Передних саней не видно, Элла останавливает лошадь, прислушивается. Вокруг лесная тишина… и только позади шелестят вороньи крылья… Дрожь пробегает по ее телу. Но тут Элла успокаивается: ведь она здесь не одна. Мужчины пусть себе едут. Чем дальше от них, тем лучше.
Лошадь рвется вперед, но Элла сдерживает ее. Ах, если бы можно было ехать так вечно, ехать и никогда не возвращаться обратно!
Вдруг что-то выскакивает из зарослей папоротника у самой обочины. Маленькая заснеженная елочка клонит верхушку к дороге; мягкая снежная шапка падает под ноги лошади. Лошадь шарахается и вдруг поворачивает в сторону, на лесную тропинку. Полозья скрипят на кочках и ухабах, темные стволы деревьев мелькают перед глазами.
Испугавшись, Элла пытается остановить лошадь. Но тут же чувствует, что это ей не удается. Она не в силах сдержать взбесившуюся лошадь. И, невольно закрыв глаза, Элла откидывается на спинку саней.
Пусть несется лошадь. Пусть опрокинет, пусть ударит о дерево и убьет их. Какой смысл имеет жизнь? Для чего жить? Сколько раз ей хотелось уснуть и больше не просыпаться! Ветки бьют ее по лицу. Ударит о дерево — и конец…
Но ничего не происходит. Слышно, как тяжело дышит лошадь, как скрежещут полозья на ухабах. Ветер свистит в ушах. Щеки горят. Странное тепло разливается по всему телу.

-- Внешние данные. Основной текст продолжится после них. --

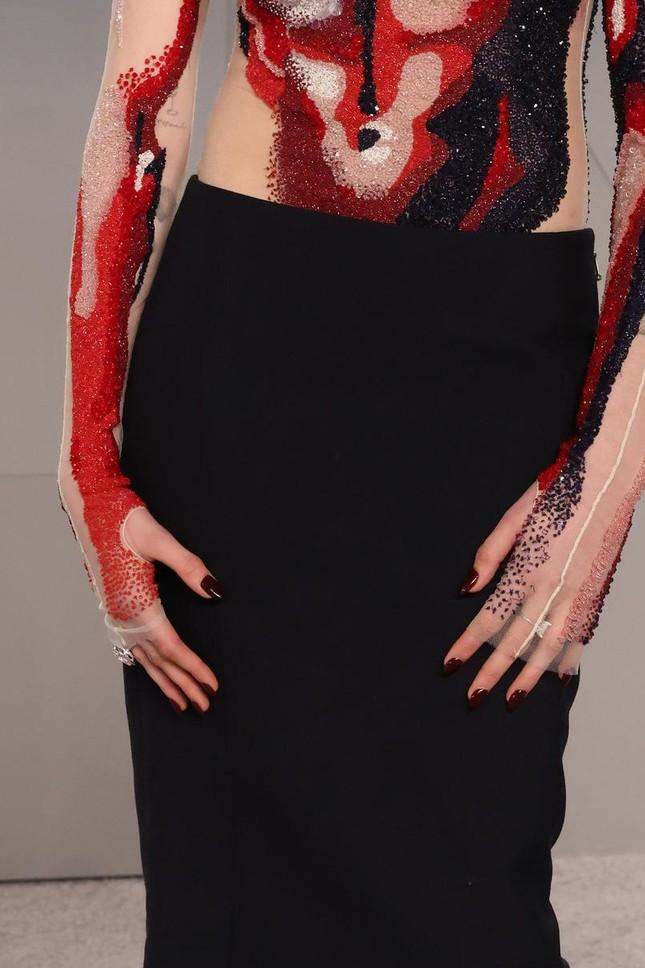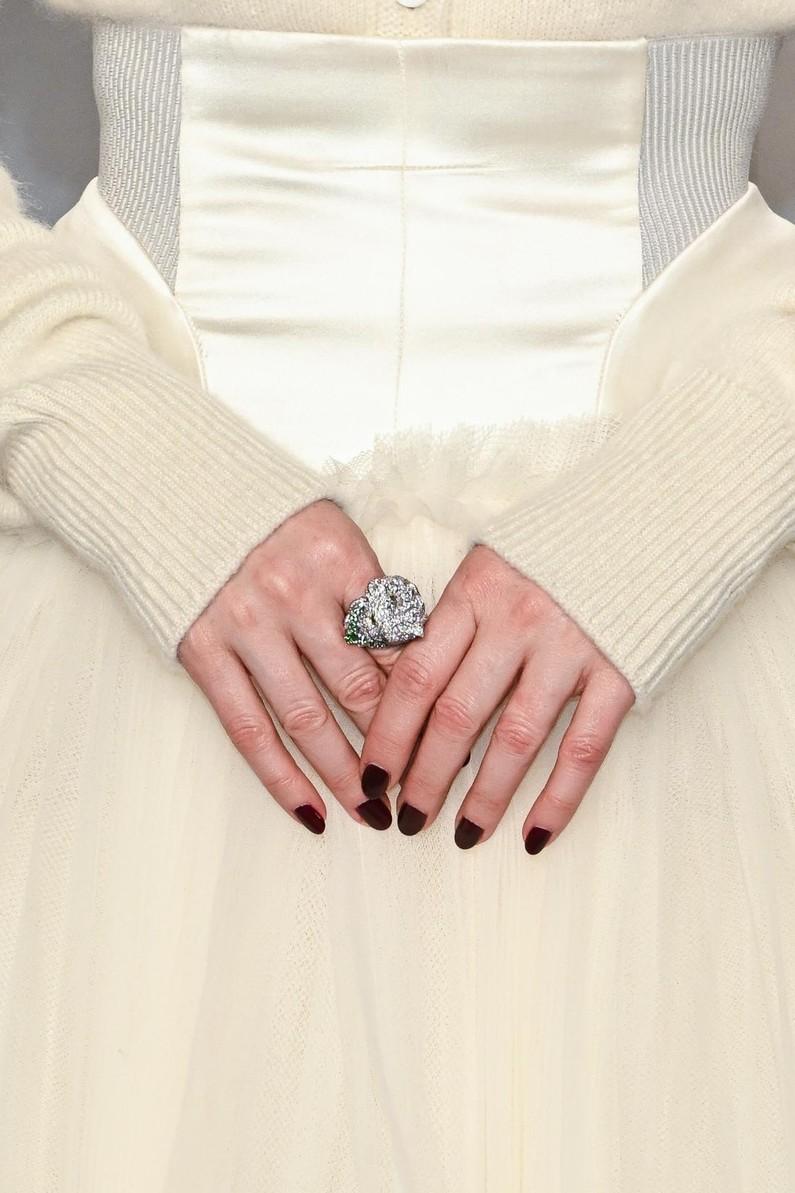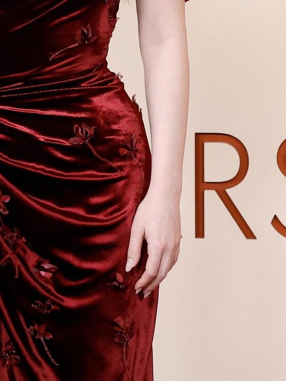 Этот безвременный оттенок часто мелькал и в нарядах. Его выгуляли Майки Мэдисон в корсетном платье Vivienne Westwood и Виттория Черетти в лаконичном образе Alaïa. Однако гораздо больше бордового оказалось на ногтях. Сара Полсон выбрала глубокий винный — настолько темный, что издалека он походил на черный — а Кара Делевинь сделала ставку на кровавый цвет, удачно перекликавшийся с ее сложным нарядом Thom Browne.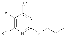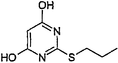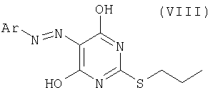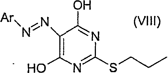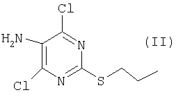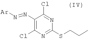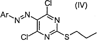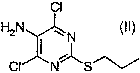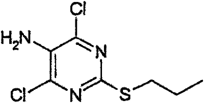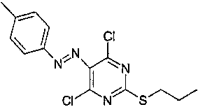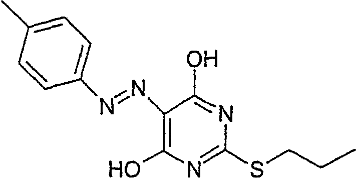 Воду (670 мл) добавляли к 2-тиобарбитуровой кислоте (200 г). Полученную смесь перемешивали и добавляли порциями гидроокись натрия (126,3 г). Смесь перемешивали в течение 40 мин, затем разбавляли водой. Добавляли 1-метил-2-пирролидинон (400 мл) и 1-иодпропан (140,9 мл). Полученную суспензию перемешивали при 20°С в течение 22 ч. Значение рН смеси доводили до 6,5 добавлением 1 М HCl (600 мл) в течение 30 мин, затем до рН 2,5 добавлением 6 М HCl (180 мл) в течение еще 30 мин. Полученную суспензию перемешивали в течение 18 ч и продукт выделяли фильтрованием и последовательно промывали водой (4×100 мл), этанолом (200 мл) и водой (2×200 мл). Продукт высушивали при пониженном давлении в течение ночи при 50°С с получением указанного в заголовке продукта в виде белого порошка (185 г). Стадия 2: 4,6-Дигидрокси-5-[(E)-2-(4-метилфенил)диазенил]-2-(пропилсульфанил)пиримидин. Этанол (25 мл), 4,6-дигидрокси-2-(пропилсульфанил)пиримидин (стадия 1, 5 г) и воду (25 мл) перемешивали вместе при комнатной температуре. Добавляли гидроокись натрия (1,02 г) и получали прозрачный раствор. Полученный раствор охлаждали до 0°С и затем добавляли ацетат натрия (9,42 г) с получением раствора А. В отдельной емкости готовили раствор п-толуидина (3,01 г) в воде (10 мл). К нему добавляли концентрированную соляную кислоту (37% мас./мас. водный раствор, 8,45 мл). Полученную смесь охлаждали до 0°С, и раствор нитрита натрия (2,16 г) в воде (10 мл) охлаждали до 0°С, и добавляли по каплям к содержащей толуидин реакционной смеси в течение 30 мин. Температуру во время добавления поддерживали между 0 и 5°С. Полученную смесь охлаждали до 0°С и добавляли к холодному (0°С) раствору А (температура поднималась до 8°С). Полученную желтую суспензию перемешивали в течение ночи и рН смеси доводили до рН 1 добавлением 6 М HCl. Смесь фильтровали и собранный продукт промывали водой (25 мл) и этанолом (10 мл). Продукт высушивали при пониженном давлении при 50°С в течение 24 ч с получением продукта в виде желтого твердого вещества (6,97 г). Стадия 3: 4,6-Дихлор-5-[(E)-2-(4-метилфенил)диазенил]-2-(пропилсульфанил)пиримидин.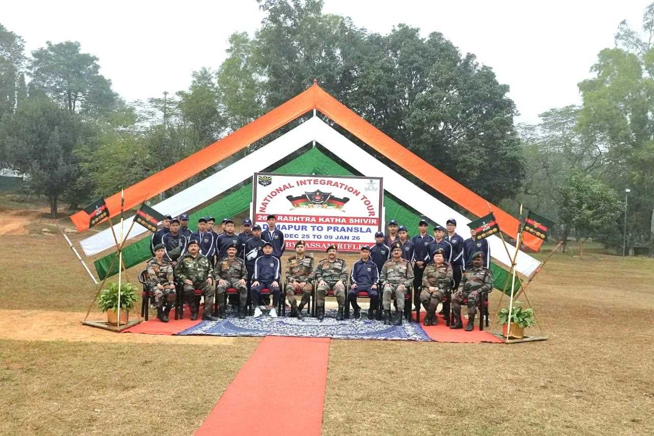 Dimapur, Dec 27: The Assam Rifles flagged off a National Integration Tour from Dimapur, Nagaland, to Pransla, Gujarat, on December 26, 2025, aimed at fostering patriotism, cultural understanding, and national unity among young students.

Зачем умирать? Жить свободной гораздо веселей. Идти, куда душе угодно, слушаться веления крови. Никого не бояться, ни у кого не спрашивать, никого не просить. Пусть вечно свистит ветер в ушах и кипит кровь.
— Но! — Элла ударяет лошадь вожжами. Дальше! Дальше от мужа, от отца, от матери… Дальше от этой жизни, скованной традициями, заплесневевшей от мелких забот и еще более мелких радостей. Жить — жить свободно и красиво!
Пусть лошадь растопчет копытами это опостылевшее, омерзительное таинство брака! Пусть разлетятся под полозьями ханжеские добродетели! Быть свободной, как ветер, что гуляет по снежной равнине…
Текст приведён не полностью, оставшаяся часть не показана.